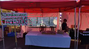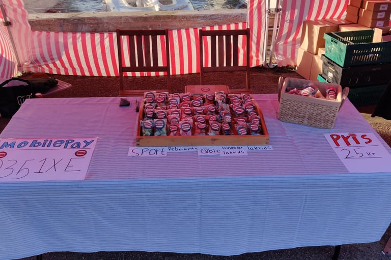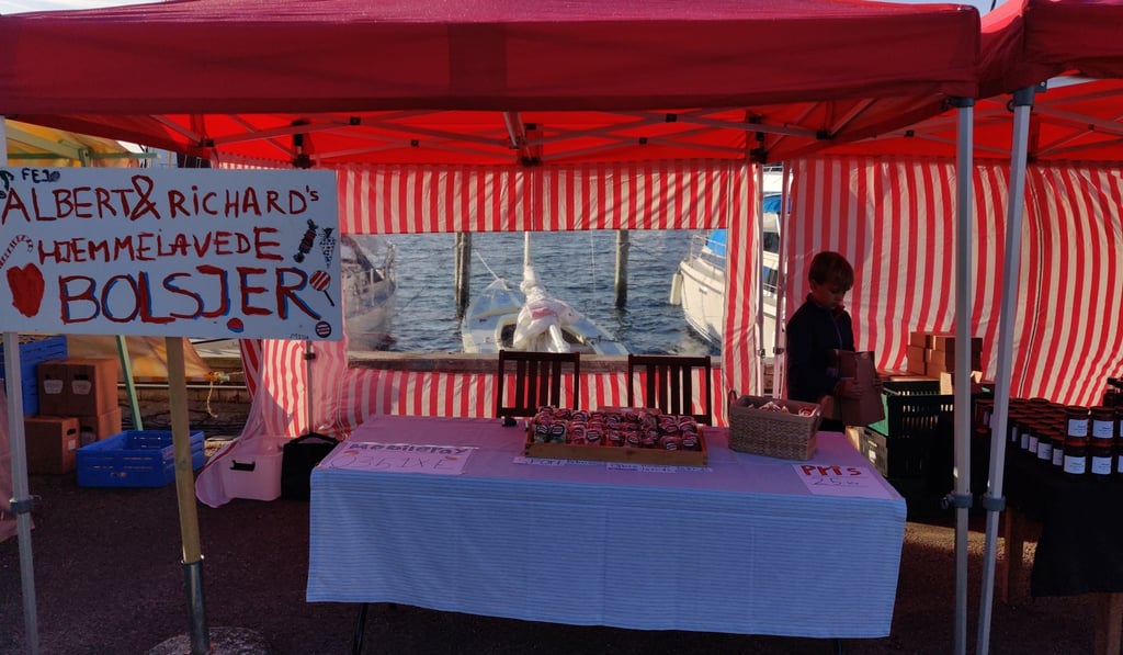Vores første rigtige marked var Æblets Dag på Fejø. Vi havde lavet 100 poser bolcher og anede ikke, hvordan de ville sælge. Men da markedet gik i gang, gik det som varmt brød! Vi solgte rub og stub og stod tilbage med en flot sum (syntes vi dengang i hvert fald) – og vigtigst af alt, en kæmpe oplevelse, der gav os massere af håb for fremtiden.
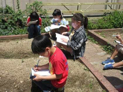 5月初めに植えた植物からだんだんと芽や子葉が出てきました。繰り返し観察カードを書くことで、だんだんと上手に書けるようになっています。定規をあてて大きさを正確に測ることができていました。
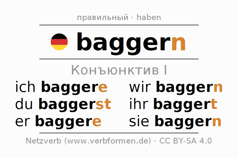 Спряжение baggern (копать, баггер) в сослагательном наклонении I: ich bagg(e)re, du baggerst, er bagg(e)re, wir baggern, ihr baggert, sie baggern.
***
* PROBLEM TO SOLVE:
Write each line exactly as it appears, from the line that holds "5月初めに植えた植物からだん" through the closing line of the data above, and leave every picture out.

* SOLVED EXERCISE:
 5月初めに植えた植物からだんだんと芽や子葉が出てきました。繰り返し観察カードを書くことで、だんだんと上手に書けるようになっています。定規をあてて大きさを正確に測ることができていました。
 Спряжение baggern (копать, баггер) в сослагательном наклонении I: ich bagg(e)re, du baggerst, er bagg(e)re, wir baggern, ihr baggert, sie baggern.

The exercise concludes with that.